We have a nice new brook across the first fairway. Too smart to be called a ditch now. What with the new sand in the bunkers course should be in good condition when I finally brave it again.


----------



## Jack_bfc (Jan 20, 2016)

Course open 11 holes..

Got all excited for saturday then checked online..

FULLY BOOKED!!!!!!

Friday afternoon on my own then....


----------



## delc (Jan 21, 2016)

Despite several dry days in a row, we still only have 9 holes open, Nos 10-17 plus No 2.  The course seems to be drying out nicely, but I think the course manager is waiting to see what effect forecast rain for Friday has on it.


----------



## Fish (Jan 21, 2016)

15 holes open yesterday and I didn't know, we're on Twitter, Facebook and have at times sent out a global email saying were shut, so why not use the same to tell us all it was open &#128545; ! Ok I know we have a course information line but ringing it daily just became a little tiresome! 

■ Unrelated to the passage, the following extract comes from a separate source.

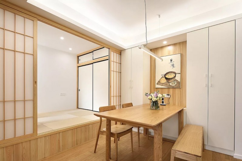 日式裝修風(fēng)格,以舒適感和清新感為主,這款90平方房子裝修,以原木色為主色調(diào),通過合理的空間調(diào)配和協(xié)調(diào),房子整體設(shè)計(jì)簡潔,明快,加上一些裝飾作為搭配,不僅視覺上擴(kuò)充了空間,同時(shí)也營造了一股自然的氛圍。

Will be phoning it in a couple of hours and try and get out later today &#127948;


----------



## chellie (Jan 21, 2016)

We've had 16 open since Monday. I went out on Tuesday afternoon and the course was in really good condition considering you couldn't see some of it for the standing water the other week. Competition today but rain is due in from lunchtime and forecast to carry on again for the next few days


----------



## Liverpoolphil (Jan 21, 2016)

Course only been closed for two days but been back open since Monday 

A number of courses including Woburn are still closed


----------



## guest100718 (Jan 21, 2016)

we were down to 9 holes for a while, but back to full 18 again. looking forward to getting out on sunday after missing last weekend due to the snow.


----------



## delc (Jan 21, 2016)

We are still down to 9 holes, and there is a prospect that the course will be closed altogether again, if the forecast heavy overnight rain materialises!


----------



## fundy (Jan 21, 2016)

Liverpoolphil said:



			Course only been closed for two days but been back open since Monday 

A number of courses including Woburn are still closed
		
Click to expand...

Ours is still closed and will be until Saturday morning at least. If tomorrows forecast is correct then it will be next week at the earliest!


----------



## Liverpoolphil (Jan 21, 2016)

fundy said:



			Ours is still closed and will be until Saturday morning at least. If tomorrows forecast is correct then it will be next week at the earliest!
		
Click to expand...

Not good - especially during annual renewal time for fees


----------



## chellie (Jan 21, 2016)

Heavy rain started this afternoon just as we had one hole to play and there was some water logging again as I left the club. May be touch and go again for tomorrow onwards I think.


----------



## fundy (Jan 21, 2016)

Liverpoolphil said:



			Not good - especially during annual renewal time for fees
		
Click to expand...

Our fees are on a rolling basis you renew on the anniversary of when you join (or pay monthly on dd) so shouldnt affect that greatly, a lot of members been using our smartcard reciprocals where they can. Not a lot more the club can do, have added more drainage over recent years but the volume of rain theyve had is so far above previous years the water table just hasnt been able to drop at all (and obv the clay base doesnt help in this regard!)


----------



## Liverpoolphil (Jan 21, 2016)

fundy said:



			Our fees are on a rolling basis you renew on the anniversary of when you join (or pay monthly on dd) so shouldnt affect that greatly, a lot of members been using our smartcard reciprocals where they can. Not a lot more the club can do, have added more drainage over recent years but the volume of rain theyve had is so far above previous years the water table just hasnt been able to drop at all (and obv the clay base doesnt help in this regard!)
		
Click to expand...

So with it been closed for the past 3 weeks ? Will some stop their DD until it's back open again ?


----------



## fundy (Jan 21, 2016)

Liverpoolphil said:



			So with it been closed for the past 3 weeks ? Will some stop their DD until it's back open again ?
		
Click to expand...

Obviously you'd hope not, the club give one grace of stopping then rejoining, if you do it a second time they then require a year in advance or pay a higher monthly fee. As far as Im aware its quite rare that people try and do this (there will always be the odd one)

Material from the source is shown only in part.